• **Directions for this task**
In the material below, the line holding "El jueves 16" and every line after it should be reproduced exactly, please, with pictures omitted.

• **Data below**

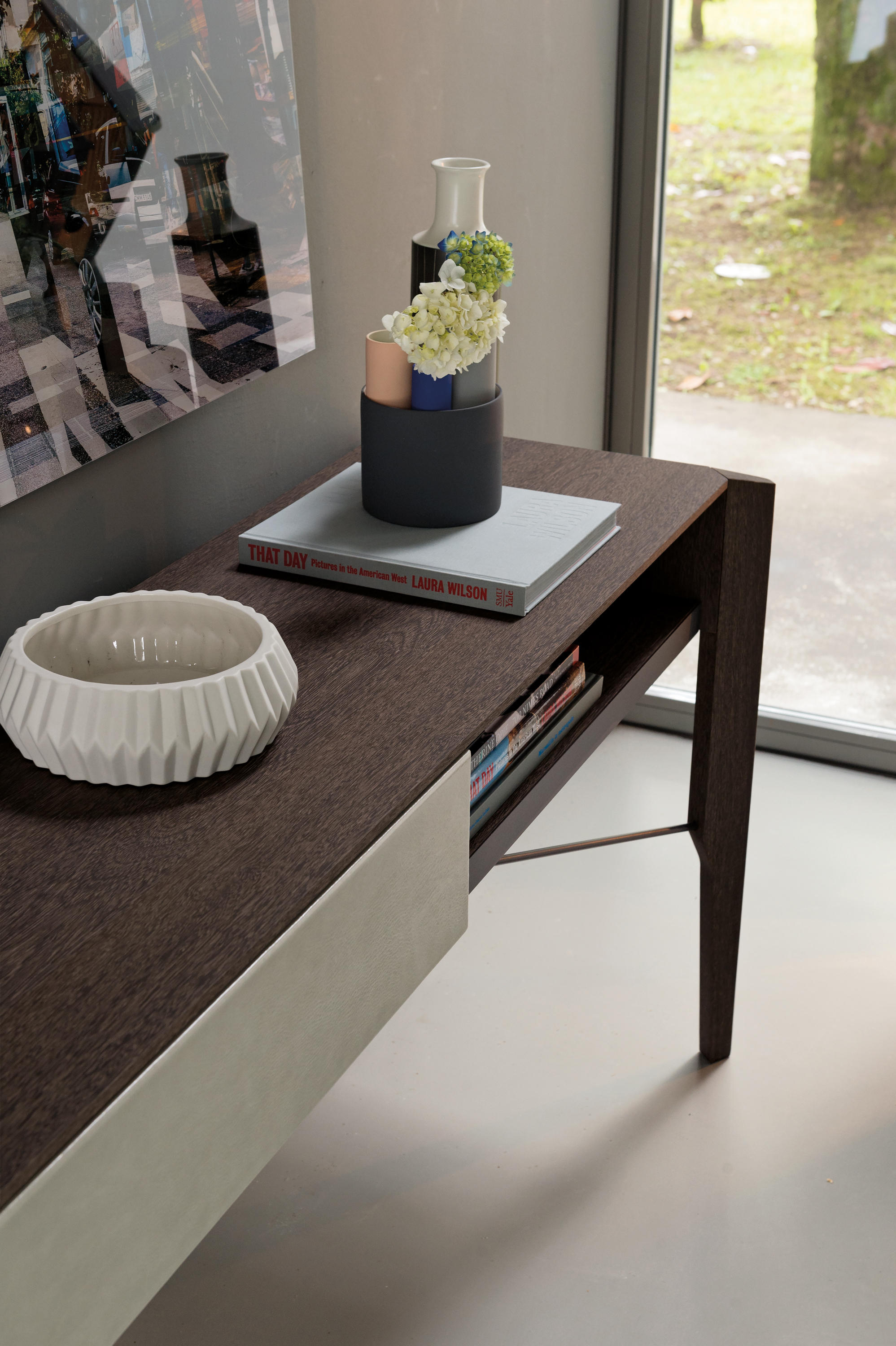 Manzoni & Tapinassi装饰柜的侧板可以在摩卡橡木、卡纳莱托胡桃木或苏皮亚木上选择制作,金属框架由云母褐色或镀锌钛制成。虽然它的结构看起来很薄,却起到了很好的支撑作用。
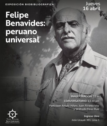 El jueves 16 de abril, a las 12 horas, se inaugurará la exposición biobibliográfica FELIPE BENAVIDES – Peruano Universal en el Centro Cultural Inca Garcilaso del Ministerio de Relaciones Exteriores que presenta la vasta obra de Felipe Benavides Barreda, diplomático y el renombrado ambientalista del siglo XX en el Perú, habiéndose consagrado a la defensa del patrimonio natural. Se describe su ambiciosa labor desde la década de 1950 y explica su participación en la creación del Parque de Las Leyendas, la Reserva Nacional Pampa Galeras, el Parque Nacional del Manu, la Reserva Nacional de Paracas, entre otras hazañas.
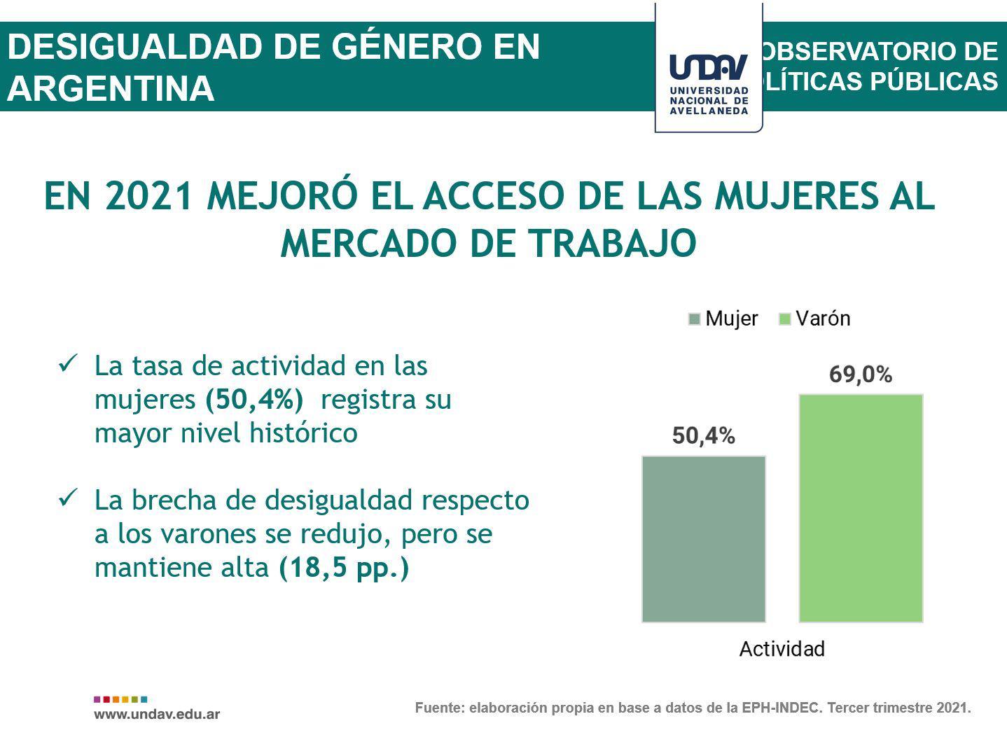 Mejoró el acceso de las mujeres al mercado laboral. La tasa de actividad en las mujeres (50,4%) registra su mayor nivel histórico. La brecha de desigualdad respecto a los varones se redujo, pero se mantiene muy elevada (18,5 pp.)
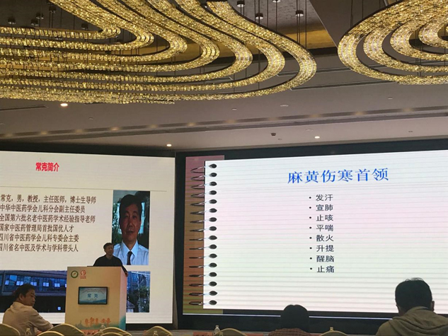 在21日下午的温病分论坛上,中华中医药学会儿科分会副主任委员、四川省中医药学会儿科专委会主委、四川省名中医及学术与学科带头人常克教授发表了《根植中华沃土,经方排名拙见》的精彩演讲。他指出,根据自己多年的儿科临床经验,在治疗小儿呼吸道感染的经方中,以麻黄为首的经方排头筹,尤其是小儿肺热咳喘颗粒的组方之一麻杏石甘汤在治疗呼吸道感染引起的发热、咳嗽、咯痰、气喘等方面疗效显著。

• **Answer for this exercise**
 El jueves 16 de abril, a las 12 horas, se inaugurará la exposición biobibliográfica FELIPE BENAVIDES – Peruano Universal en el Centro Cultural Inca Garcilaso del Ministerio de Relaciones Exteriores que presenta la vasta obra de Felipe Benavides Barreda, diplomático y el renombrado ambientalista del siglo XX en el Perú, habiéndose consagrado a la defensa del patrimonio natural. Se describe su ambiciosa labor desde la década de 1950 y explica su participación en la creación del Parque de Las Leyendas, la Reserva Nacional Pampa Galeras, el Parque Nacional del Manu, la Reserva Nacional de Paracas, entre otras hazañas.
 Mejoró el acceso de las mujeres al mercado laboral. La tasa de actividad en las mujeres (50,4%) registra su mayor nivel histórico. La brecha de desigualdad respecto a los varones se redujo, pero se mantiene muy elevada (18,5 pp.)
 在21日下午的温病分论坛上,中华中医药学会儿科分会副主任委员、四川省中医药学会儿科专委会主委、四川省名中医及学术与学科带头人常克教授发表了《根植中华沃土,经方排名拙见》的精彩演讲。他指出,根据自己多年的儿科临床经验,在治疗小儿呼吸道感染的经方中,以麻黄为首的经方排头筹,尤其是小儿肺热咳喘颗粒的组方之一麻杏石甘汤在治疗呼吸道感染引起的发热、咳嗽、咯痰、气喘等方面疗效显著。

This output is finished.